New Fed Chair Kevin Warsh will be holding his first FOMC press conference tomorrow. His WSJ op-ed on 11/16/25 is likely a good blueprint. “AI will be a significant disinflationary force… Inflation is caused when government spends too much and prints too much.”
Which message will the stock market focus on if that is the blueprint? Note that the bond market right now has a slightly higher than 50% odds of a rate hike by year-end, so his belief that the Fed Funds Rate is too high due to AI would be bullish.
But he wants to reduce the Fed balance sheet which would be bearish.
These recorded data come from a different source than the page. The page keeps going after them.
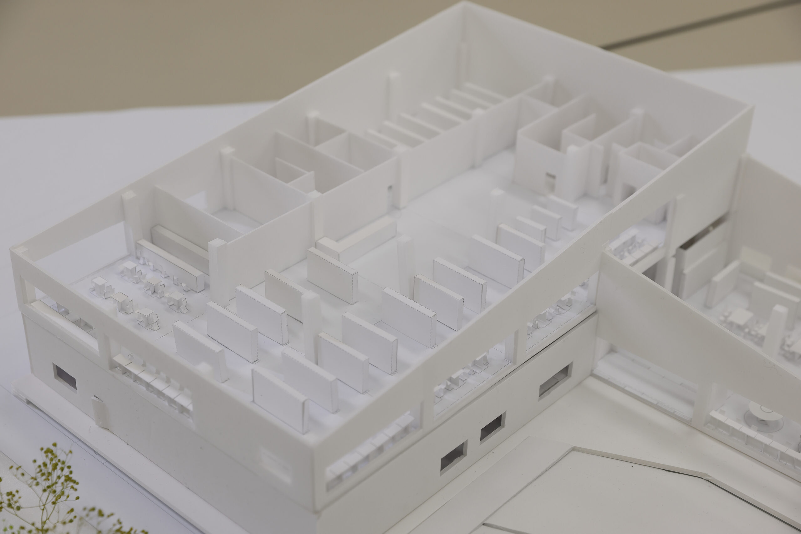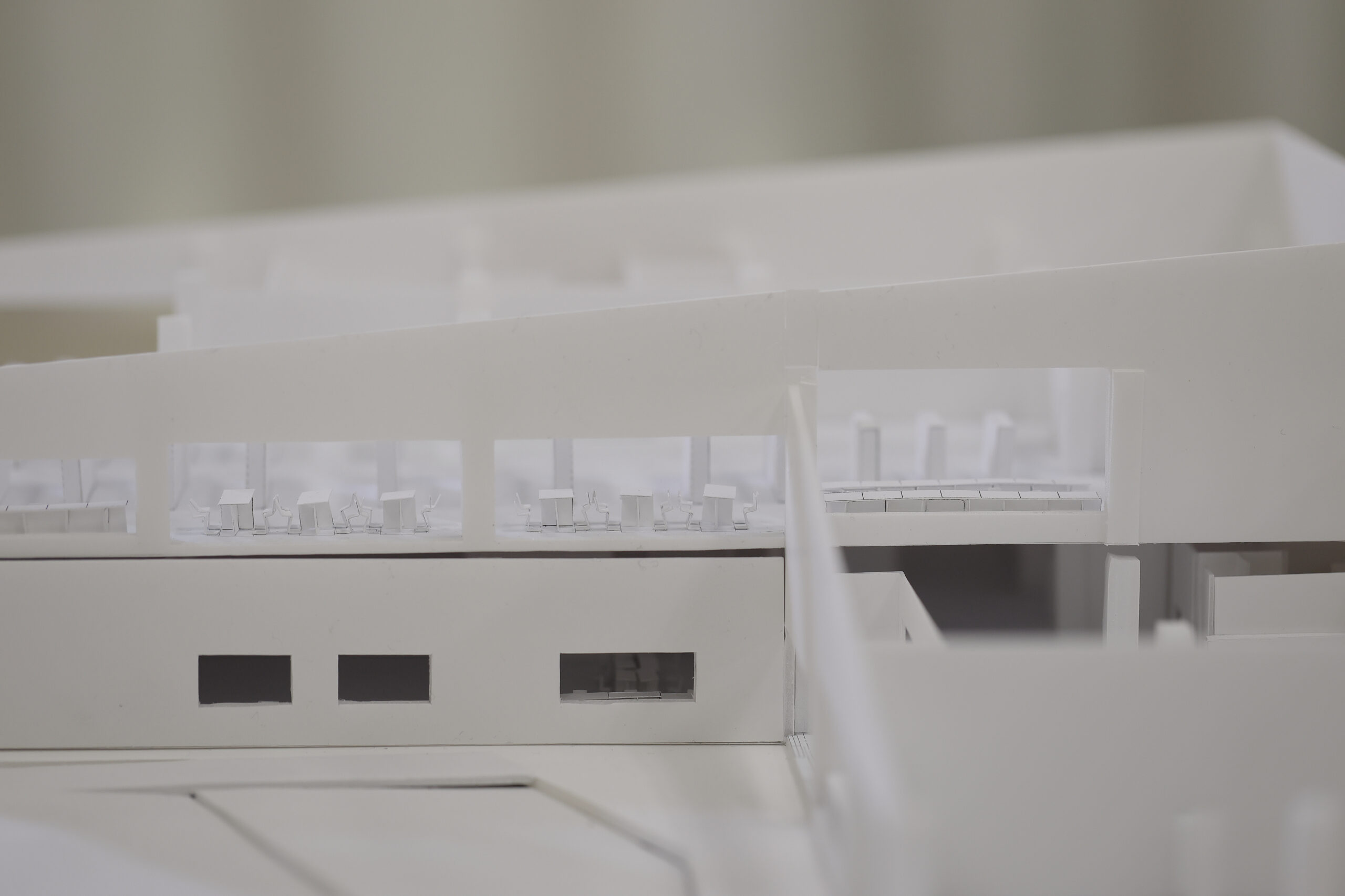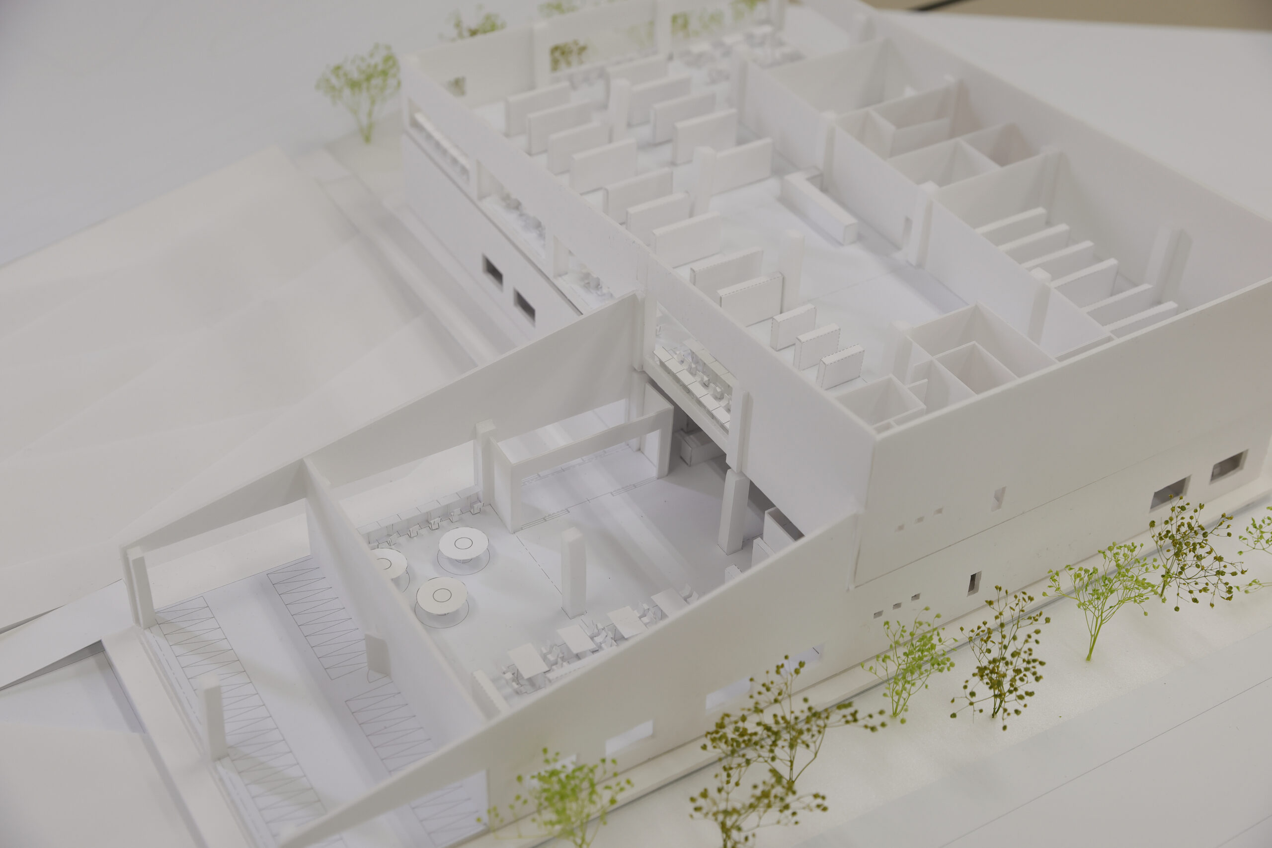 設計に挑む前に参考にするために、幾つかの建築物を参考に見て歩いている。複合施設の構成の仕方も取り入れた計画である。矩計図に代わるものとしての手の込んだ建築模型。内部空間の書架からテーブル椅子なども丁寧に作成しているところが「学生らしさ」を物語る作品である。<青砥聖逸>
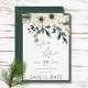 Celebrate your love story in rustic charm with our enchanting wedding save the date card. Hand-painted watercolors bring to life a breathtaking bouquet featuring fragrant pine, vibrant red berries, delicate white flowers, and refreshing eucalyptus. A touch of whimsical magic is captured with a sprinkle of sparkling faux gold glitter, adding a touch of elegance to the rustic theme. Encased within a thin, dark green and tan frame, the design sits upon a crisp white background, ensuring your wedding details stand out beautifully. This captivating suite sets a warm and inviting tone, perfectly reflecting the natural beauty of your special day. Created by Simply Farmhouse Press.
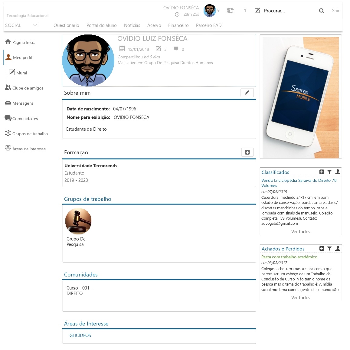 O Meu perfil é uma guia de acesso ao perfil de um usuário no SAGRES Social. Nela, é possível visualizar e cadastrar alguns dados e informações a respeito dos membros.
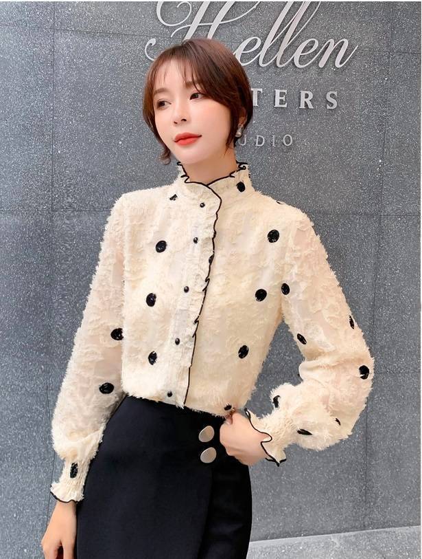 トップス レディース 送料無料 ブラウス シャツ シャギー ドット フリル ラインストーン ビジューボタン フォギー 起毛 長袖 襟付き シフォン レース スタンドカラー プチハイネック 透け感 シアー シースルー ポリエステル ホワイト 白 アプリコット 単色 透け感 こなれ感 抜け感 ガーリー かわいい 可愛い 涼しい 上品 エレガント きれいめ ラブリー 女の子 お洒落 おしゃれ 春 春服 夏 夏服 デート おでかけ モテ 女子会 普段使い 着回し 重ね着 定番 韓国 韓国系 オルチャン
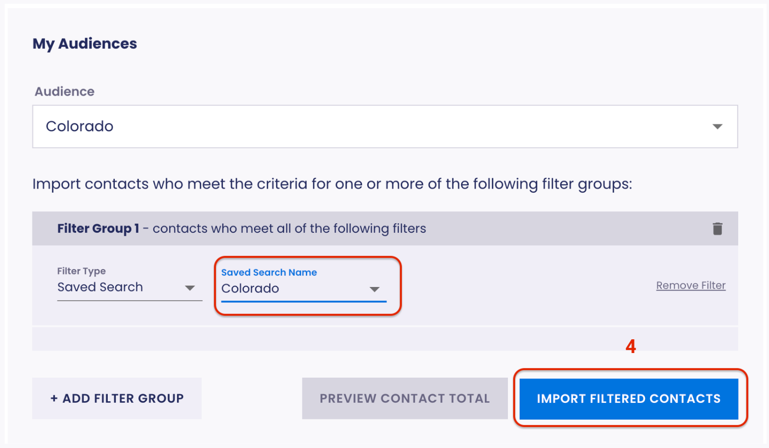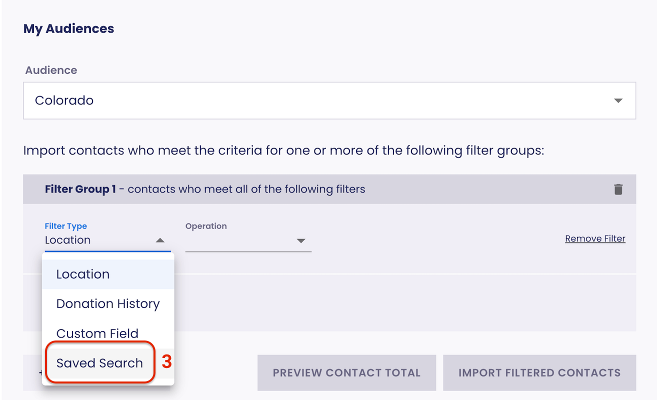 - Select the name of your Saved Search, then click Import Filtered Contacts.
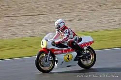 He then returned the United States to compete in the AMA Grand National Championship where he earned his first AMA national victory when he won the Loudon Classic.[3] He also won the 250cc support class at the Loudon Classic.[3] He repeated his Loudon victories at the Laguna Seca Raceway, again winning the national and the 250c support race.[10] He then returned to Europe where he won the Mallory Park Race of the Year.[11] By the end of the 1976 season, Baker was considered to be Kenny Roberts' equal in road racing.[12]
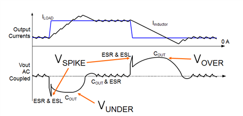 下文图4所示为每个输出电容元件对降压转换器负载瞬态性能的作用机制
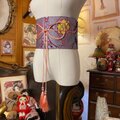名古屋帯 リメイク サッシュベルト 飾り帯 和洋折衷 レトロ 古着 L〜LL対応 葡萄の深淵 × 瑠璃の銀花 ROB-203
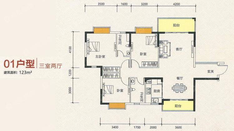 15、16号楼01户型-3室2厅2卫-123.0m²(建面) 在售
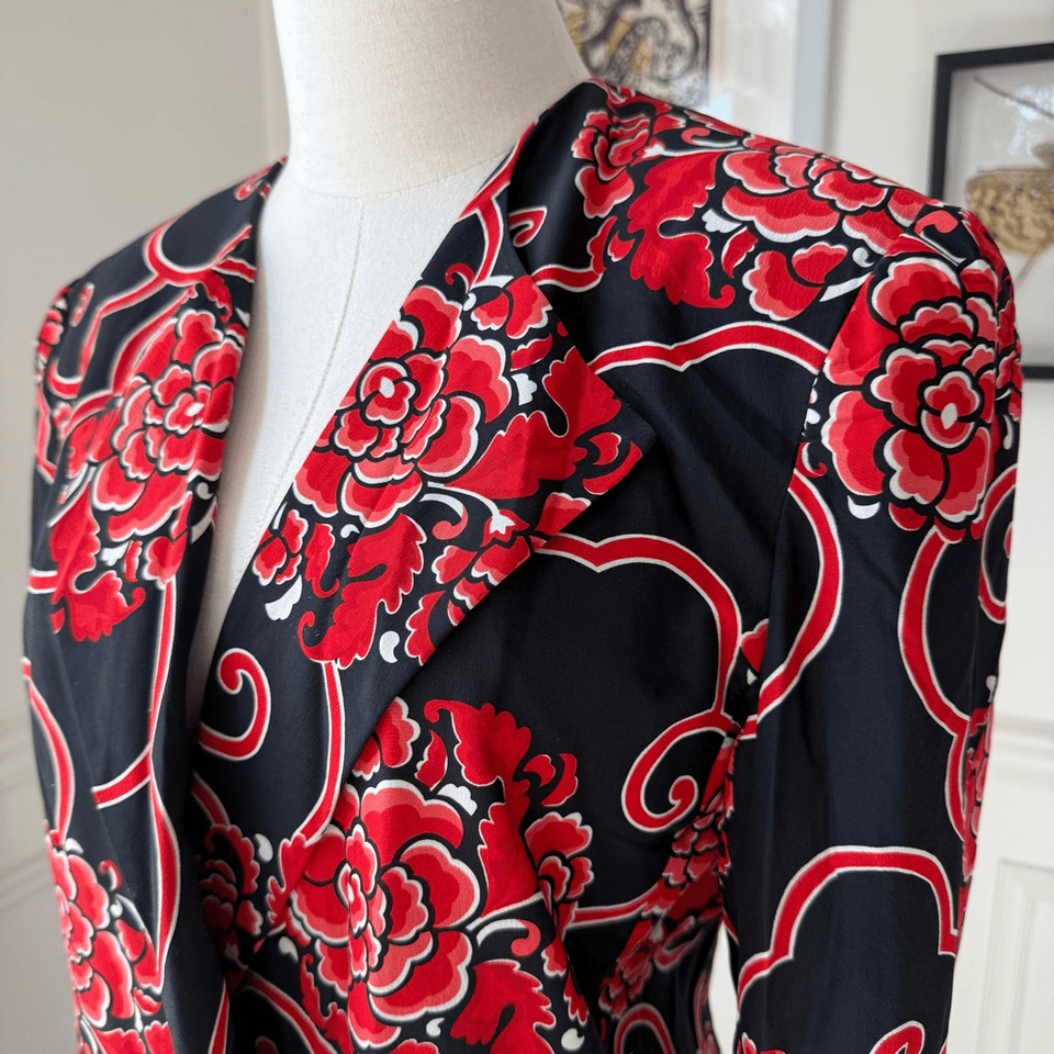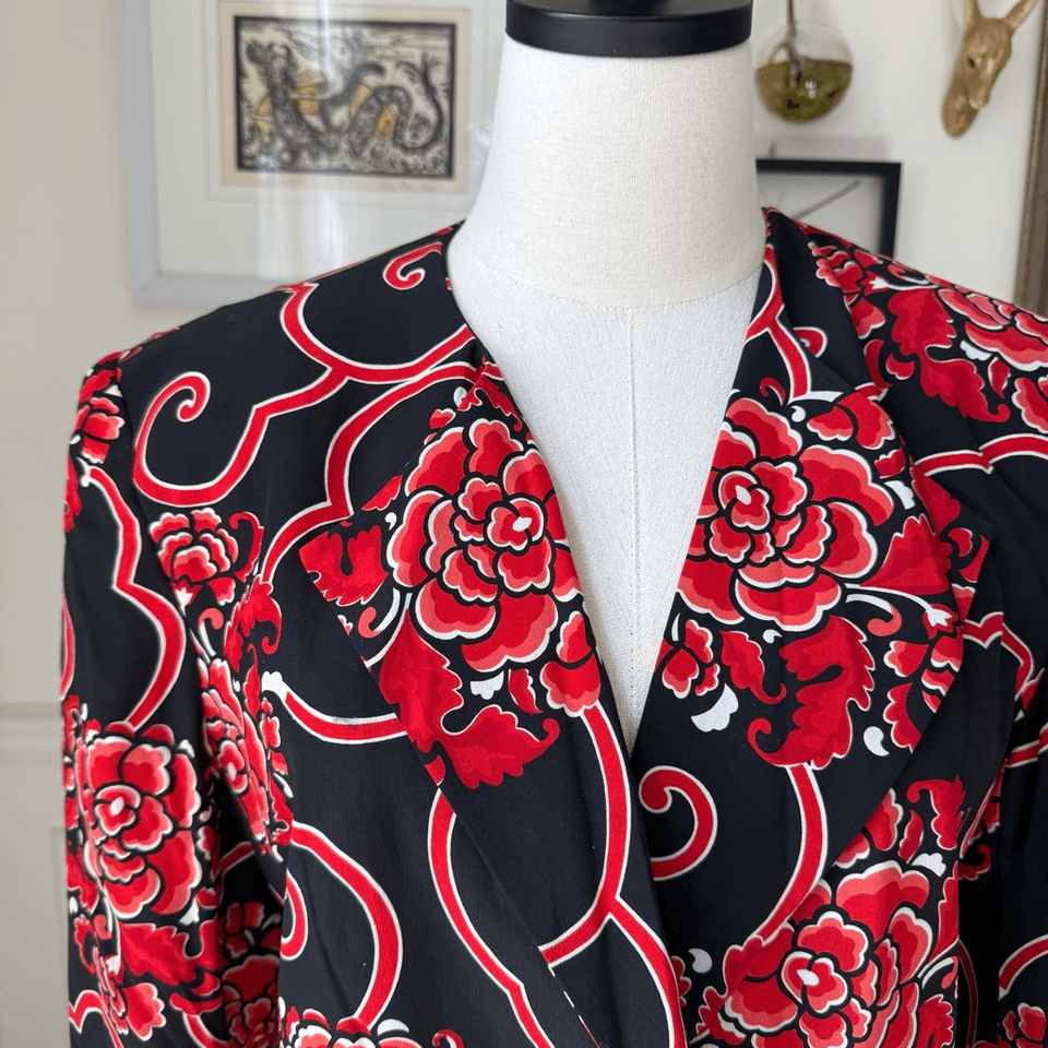 Vintage 80s Gloria Sachs Bergdorf Goodman Silk Red Floral Blazer 8

The Fed started “QE light” following its 12/10/25 meeting (less than a month after that op-ed piece) to alleviate near-term pressures in money markets. The Fed balance sheet since then has expanded by $186B.
For perspective, on 5/22/13, Fed Chair Ben Bernanke said in Congressional testimony that the Federal Reserve could begin to taper the pace of its bond-buying program (QE) in the coming months that it started during the Global Financial Crisis. The “taper tantrum” that ensued saw both bond and stock markets sell off. The S&P lost 5.0% over the ensuing month from 5/22 but then gained 17.5% from that low point through year-end. But the bond market saw 10-year treasury yields go up by 96 bps to 2.99% in just over three months and finished the year at just over 3% despite the Fed Funds rate remaining at 0-0.25%.
Given my view that “History May not Repeat Itself but it Often Does Rhyme,” my concerns lie more with the bond market (given the fiscal deficit of ~6% of GDP) than the stock market (given ~27% S&P EPS growth this year and my belief in Agentic AI.) The good news is with oil prices coming down, this acts as support to both.